Evaluating a RAG System: Part 2 of 3

Experiments on Cosine Semantic Similarity

In the previous article, we discussed text splitters' strategies and how they impact the semantic relevance of chunks. After understanding their relevance in context, it's time to assess semantic similarity.

Semantic similarity is a metric used across a set of documents or terms. The distance between items is determined by the likeness of their meaning or semantic content, rather than their lexical similarity. This metric, which needs citation, is a mathematical tool used to estimate the strength of the semantic relationship between language units, concepts, or instances. This numerical representation is obtained by comparing the information that supports their meaning or describes their nature.

In light of this, we conducted an experiment with the previous chunks, which were obtained in the first stage (after the splitters were applied). So, let's dive into it!

The experiment

A common practice to avoid delivering a fixed number of chunks is to set a similarity threshold, so that only those chunks exceeding this threshold are presented as context. To assess the usefulness of this approach, we have decided to analyze the similarity of the first 10 chunks (sorted by similarity) and their relationship with each of the generated questions.

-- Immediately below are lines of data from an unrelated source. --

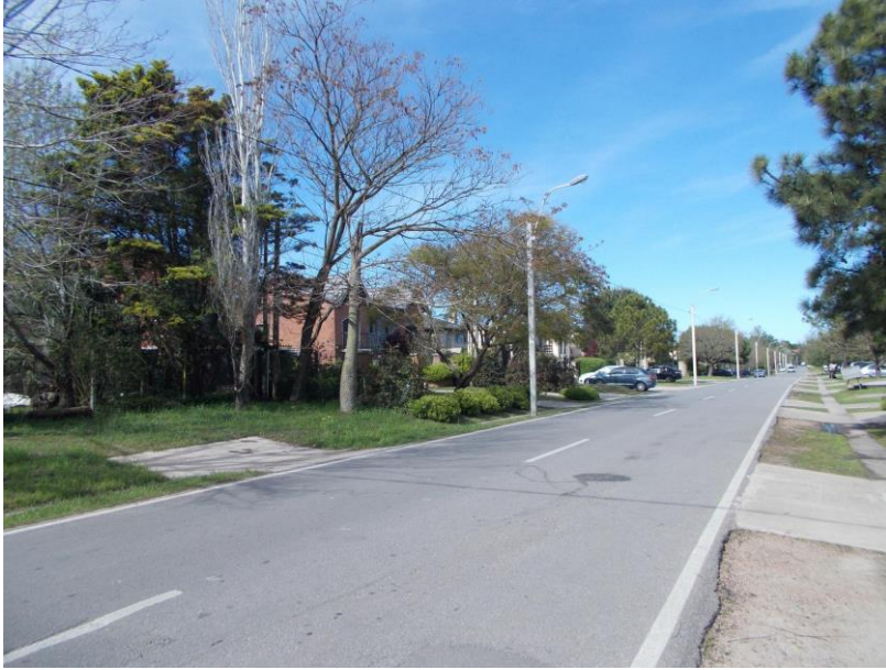
Ronzoni, S., Viviendas y calles de Parque Miramar
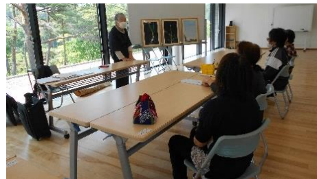
三原色画教室 （第3火曜日）
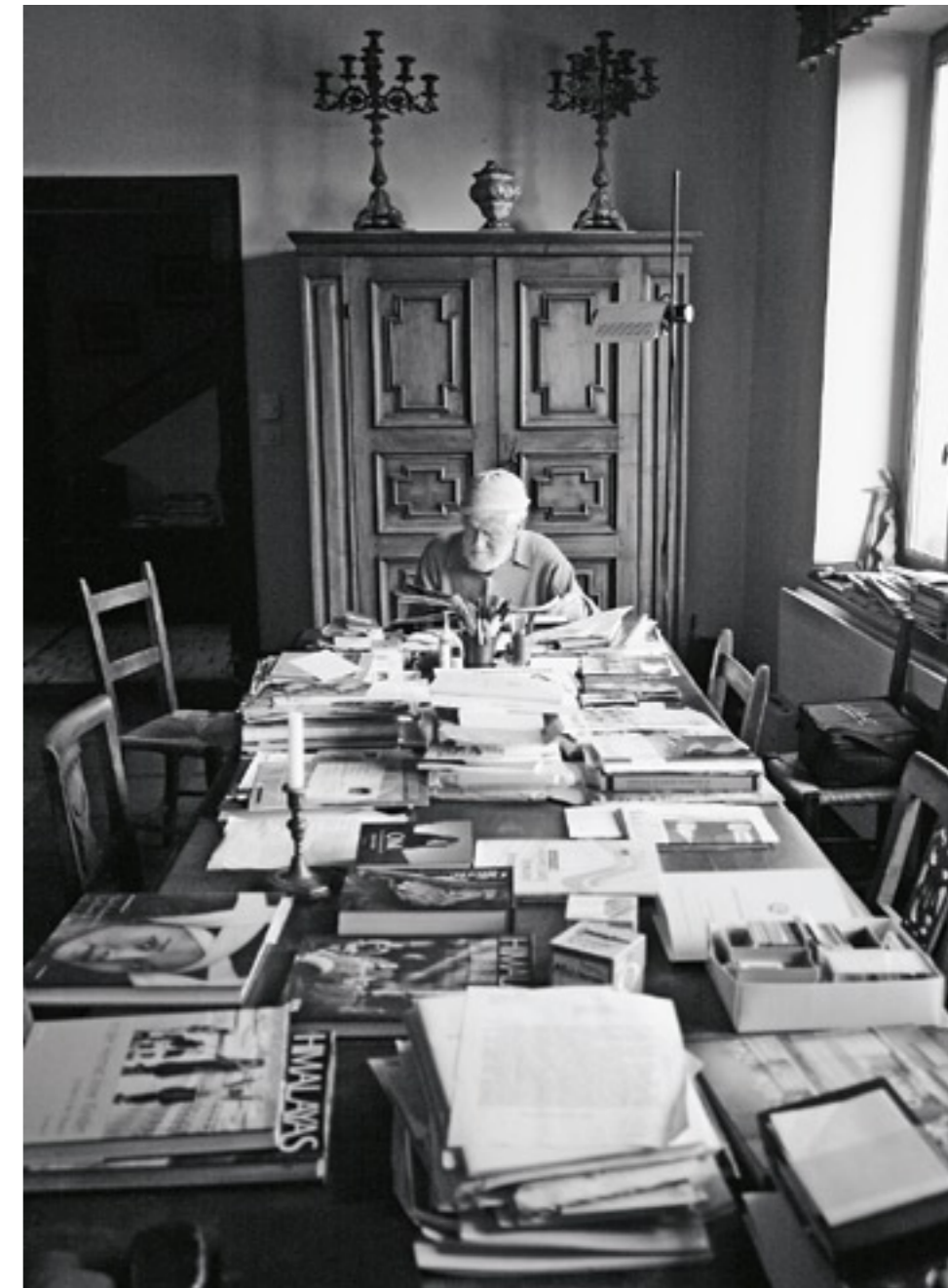
| Der 98-Jährige heute am Esstisch seines Hauses oberhalb Lugano, das zum Archiv geworden ist

Similarity of each chunk according to each question, by splitter.

It is observed that the similarity drastically decreases after the first chunk, which would suggest that the subsequent chunks are not as relevant from a semantic point of view. In fact, the average similarity approaches zero from the fifth chunk onwards, regardless of the splitter used. We also notice that in some cases, the similarity is extremely low and can even become negative, which in simple terms tells us that the content of the chunk is diametrically opposite to that of the question. Why does this happen? There are two significant reasons:

The user's question is overly ambiguous, leading to inaccuracies and misconceptions. For instance, if I inquire about a 'plant', am I referring to a botanical organism, the act of placing something, a piece of equipment, or a section of a factory?
The content of a chunk can be so diverse that, despite containing the correct answer, the overall semantic meaning of the chunk does not resemble the question, resulting in incomplete responses.

Let's consider, for instance, the case with index 1. We have highlighted the part of the context that is necessary to answer the question. The questions were originally in Spanish, as the context was also in Spanish. For better understanding, we translated both the questions and the context into English.

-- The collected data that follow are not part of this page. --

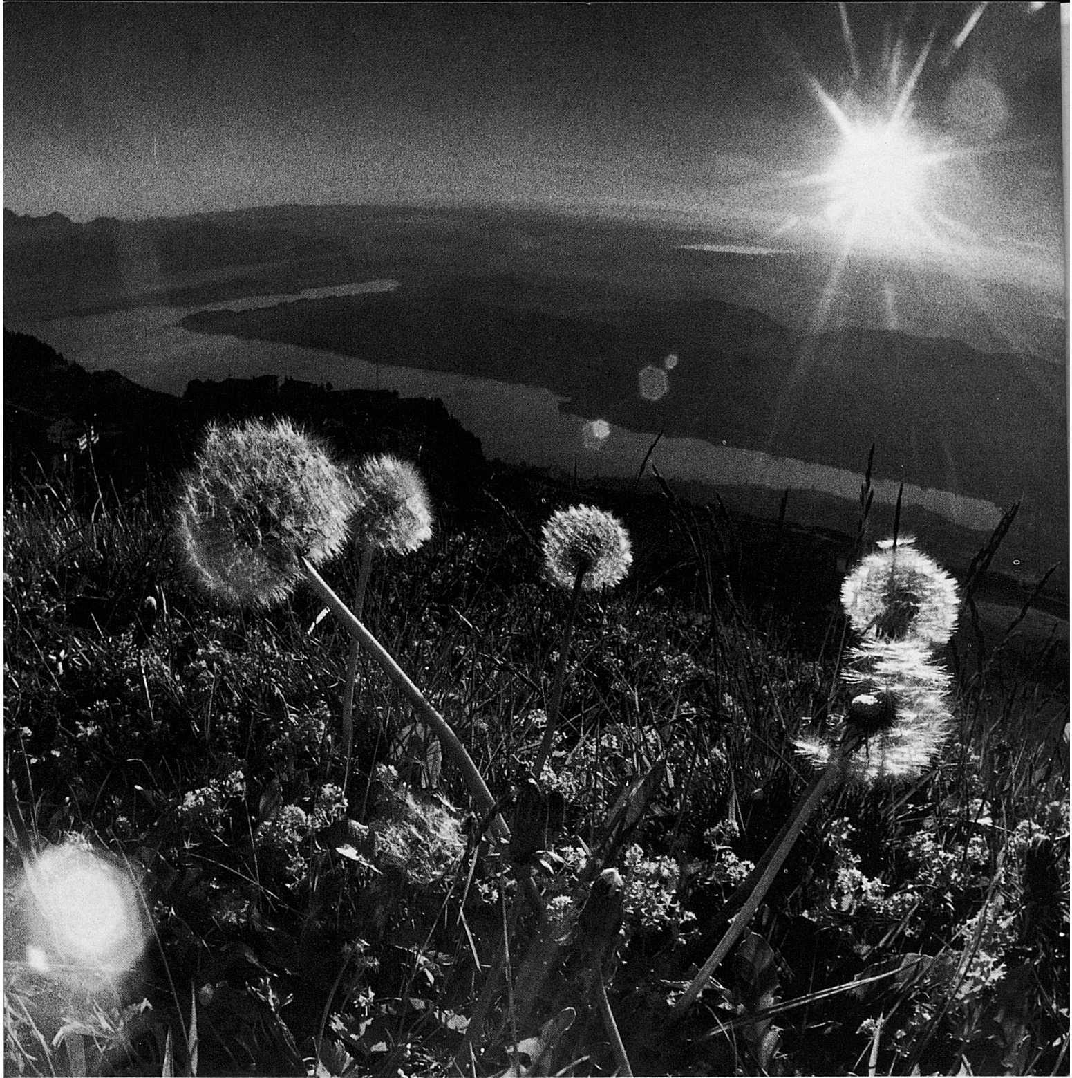
Belohnte Rigi-fahrt: Morgenlicht über der Seebucht von Küsnacht am Rigi. Une montée au Rigi récompensée: L'aurore resplendit au-dessus de la baie de Küsnacht (canton de Schwyz) Escursione al Rigi veramente ripagata: Luce mattutina sulla baia del lago di Küsnacht al Rigi Another view from the Rigi: Morning light over the bay of Küsnacht
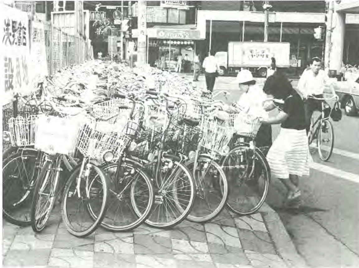
整備されたカラー歩道にも自転車がはいっぱい。これでは歩行者も車道を歩くしかありません。柏駅東口で。

市内の国鉄・私鉄各駅前を中心にして、道路や歩道に放置されている自転車は約七千台にものぼります。 これらの放置自転車は、歩行者や車の交通妨害になるばかりでなく、災害避難時などの安全確保に、大きな障害となることが予想されます。 自転車の放置を禁止する整理区域の指定、大型店舗等の新増築に際する自転車駐車場設置の義務付けなどを内容とする「柏市自転車の放置防止に関する条例」が、来年四月から施行されるといっても、放置自転車問題の解決には、自転車利用者一人ひとりの協力が必須です。ちょっとした心掛けて、
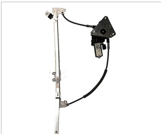
ELECTRIC POWER WINDOW LEFT ALZACRISTALLO ELETTRICO SX

THIS INSTALLATION INSTRUCTION IS FOR BOTH LEFT AND RIGHT SIDE. CETTE INSTRUCTION DE MONTAGE EST POUR LES DEUX COTES DROIT ET GAUCHE. DIESE MONTAGE-ANLEITUNG IST FÜR DIE BEIDE LINKE UND RECHTE SEITE. ESTA INSTRUCCION DE MONTAJE ES PARA LOS DOS LADOS IZQUIERDO Y DERECHO. AS PRESENTES INSTRUÇÕES VALEM TANTO PARA O LADO ESQUERDO QUANTO PARA O DIREITO. LA PRESENTE ISTRUZIONE VALE SIA PER IL LATO SINISTRO CHE PER IL LATO DESTRO.
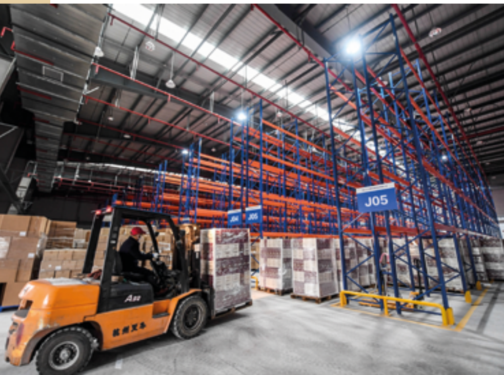
Активизация трансграничной электронной коммерции – один из приоритетных пунктов развития двустороннего партнерства между нашими странами

Посол Казахстана в Китае Шахрат Нурышев провел встречу с заместителем министра коммерции КНР – заместителем представителя Китая на международных торговых переговорах Лин Цзи, в ходе которой были обсуждены состояние и перспективы развития торгово-экономического сотрудничества, совместной реализации в Казахстане инвестиционных проектов и другие вопросы, представляющие взаимовыгодный интерес.
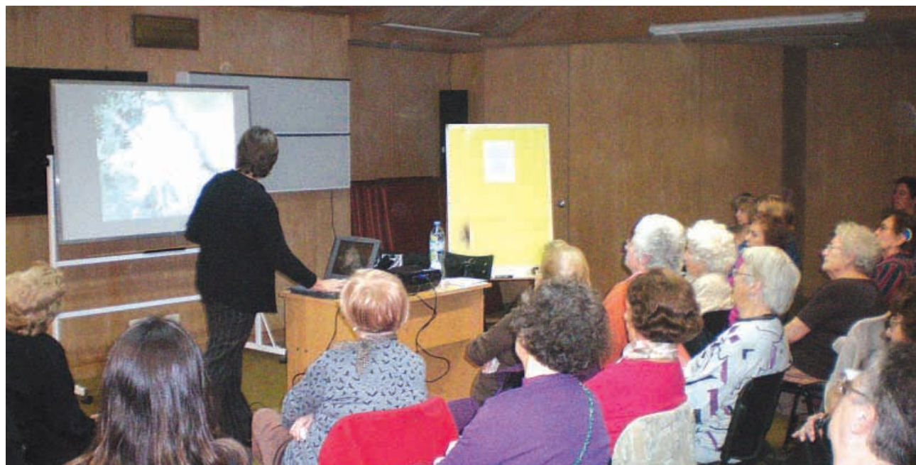
El pasado 5 de mayo durante el encuentro “Pasado, presente y futuro de una institución de salud pública”, sobre el Instituto Pasteur.
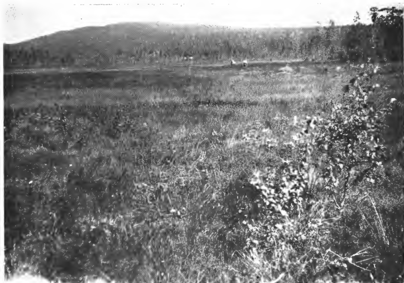
Fig. 1. Fra Bjumyren beliggende ved veien til Flatåsen seter (gressmyr).
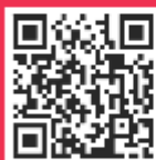
Exhibit at the 5th edition of India's leading B2B aftermarket expo

Our show floor is almost booked. Reserve a premium booth now.
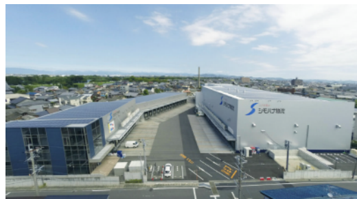
一宮営業所第一センターと第二センター
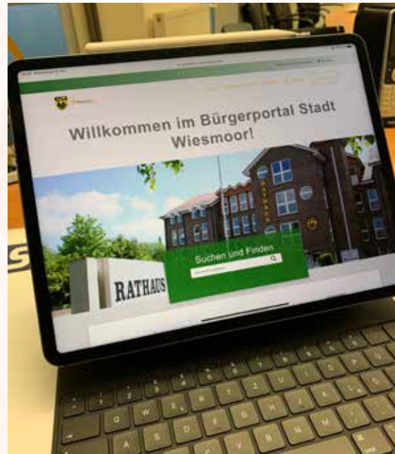
Das neue digitale Rathaus finden Sie unter: openrathaus.stadt-wiesmoor.de

bezahlt werden. Im eigenen Benutzerkonto können außerdem die „bestellten“ Dienstleistungen inklusive des Bearbeitungsstatus ein-
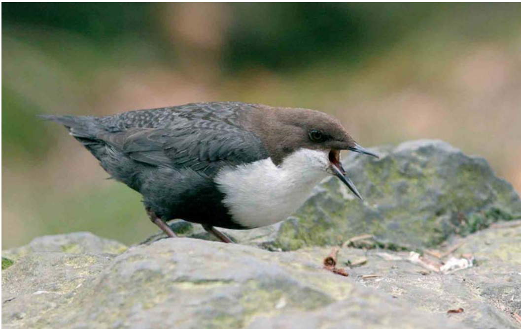
259 Zwartbuikwaterspreeuw / Black-bellied Dipper Cinclus cinclus cinclus , Beekhuizen, Gelderland, 11 april 2007 (Michel Veldt)
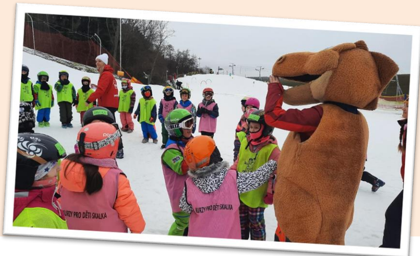
Lyžování na Skalce

konci duhy.... a pro pár příštích dní nechceme vidět zelenou barvu... ..zatímco 14. února byla všude v bilingvních třídách růžová. Kdo by neznal svátek sv. Valentýna? Ale naši žáci už také vědí, proč se slaví, kdo byl svatý Valentýn a vyzkoušeli si, někteří poprvé, napsat „valentýnku“.
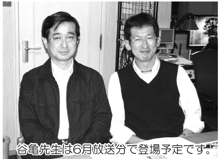
谷亀先生は6月放送分で登場予定です。

ていないということです。以前「医療は生活に出会えるか」という本を読んだことがありますが、まさにそういうジレンマだと思います。ガイドラインやマニュアルは必要不可欠なのですが、一人ひとりの生き方に沿ったサポートをする「人に優しい医療」も目指してほしいものです。在宅医療は新しい医療のための突破口かもしれませんね。これからの医療に期待しましょう。
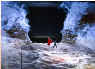
贵州长征文化数字艺术馆里的《红飘带·伟大远征》表演
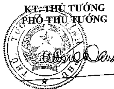
Vũ Đức Đam

Question: What is the function of the intergovernmental committee according 
to Article 18 of the convention on intangible cultural heritage?
Actual Context: Eight more elements from the country were added to this new
list: the scissors dance, the huaconada, ritual dance of Mito, eshuva, sung
prayers of the Huachipaeri ethnic group, the pilgrimage to the sanctuary of
the Lord of Quyllurit'i, the knowledge, techniques and rituals linked to the
annual renewal of the Q'eswachaka bridge, the festival in honor of the Virgin
of Candelaria, the wititi dance of the Colca valley, the traditional system 
of Water Judges of Corongo and the 'Hatajo de Negritos' and 'Las Pallitas', 
dances from the south of the central coast of Peru.449 Article 18 of the 
convention stipulates that the intergovernmental committee selects programs,
projects and activities for the safeguarding of intangible cultural heritage 
that best reflect the principles and objectives of the convention.

Let's see the chunks with 1 index:

Chunk 2 Langchain splitter (cos_sim = 0.14):
...rituals linked to the annual renewal of the Q'eswachaka bridge, the festival
in honor of the Virgin of Candelaria, the wititi dance of the Colca valley, 
the traditional system of Water Judges of Corongo and the 'Hatajo de Negritos'
and 'Las Pallitas', dances from the south of the central coast of Peru.449 
Article 18 of the convention stipulates that the intergovernmental committee 
selects programs, projects and activities for the safeguarding of intangible
cultural heritage that best reflect the principles and...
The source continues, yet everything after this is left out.